At present, it is maintained that the causes of dromophobia could be similar to those of other specific phobias.

In this sense, it is postulated that there is no single cause for the disorder and that different factors could contribute to its development. Such as:

  1. Direct conditioning.
  2. Vicarious conditioning.
  3. Genetic factors.
  4. Personality traits.
  5. Cognitive styles.

Treatment

Today, the first choice intervention for the treatment of dromophobia is the Cognitive behavioral treatment , A type of psychotherapy that has shown very high levels of efficacy.

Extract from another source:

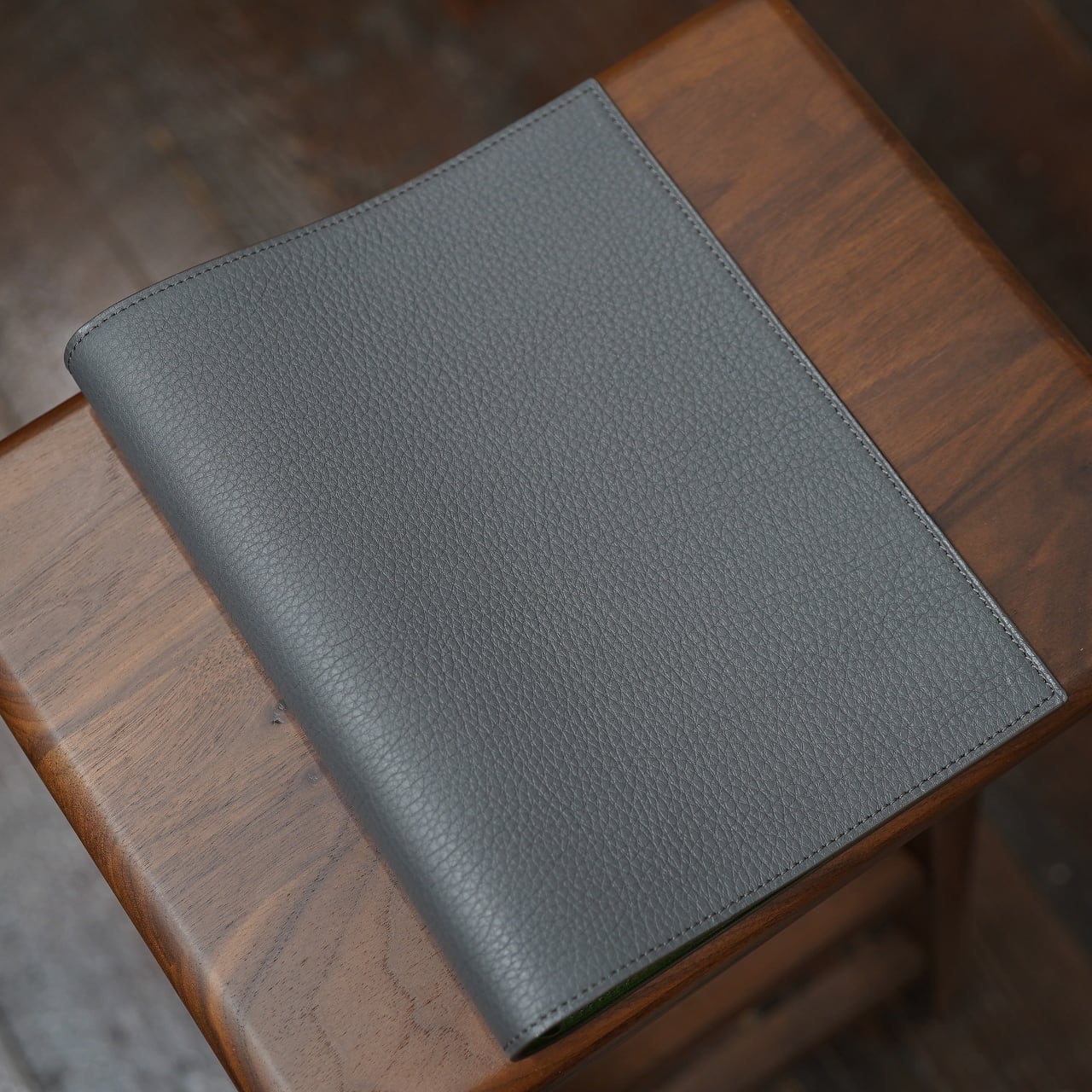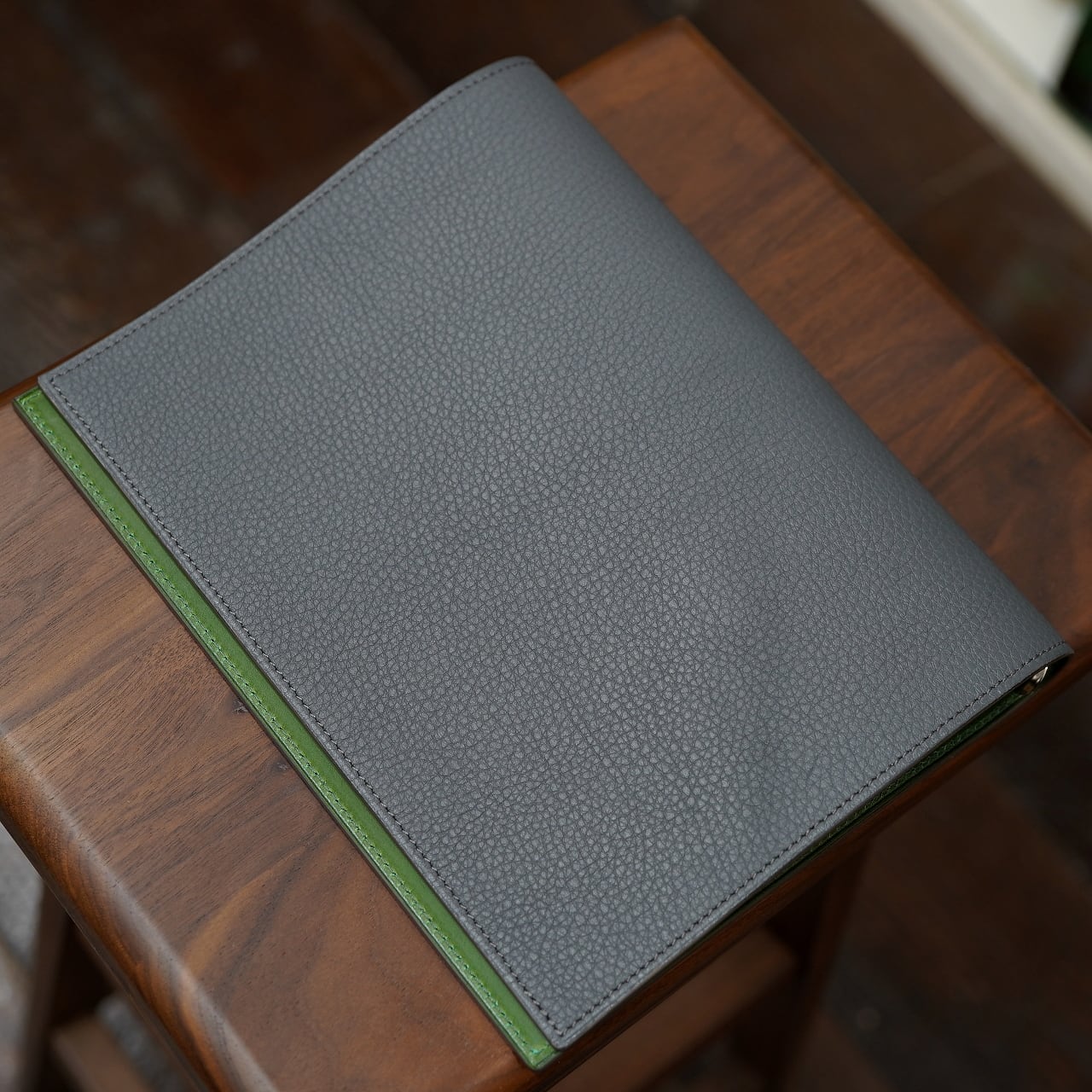 今回おもてにはドイツはペリンガー社のシュランケンカーフを中心に、少し特殊な皮革を用いたりもしてもらいました。こちらはフランスはデュプイ社のトゴ、グレーを用いました。

This treatment is based on exposing the person to his feared element in order to overcome his fear, and in the application of Relaxation techniques And cognitive therapy.

References

  1. Antony MM, Brown TA, Barlow DH. Heterogeneity among specific phobia types in DSM-IV. Behav Res Ther 1997; 35: 1089-1100.
  1. Barlow D. and Nathan, P. (2010) The Oxford Handbook of Clinical Psychology. Oxford University Press.
  1. Caballo, V. (2011) Manual of psychopathology and psychological disorders. Madrid: Ed. Piramide.
  1. Muris P, Schmidt H, Merckelbach H. The structure of specific phobia symptoms among children and adolescents. Behav Res Ther 1999; 37: 863-868.
  1. Ost LG, Svensson L, Hellstrom K, Lindwall R. One-session treatment of specific phobias in youth: a randomized clinical trial. J Consult Clin Psychol 2001; 69: 814-824.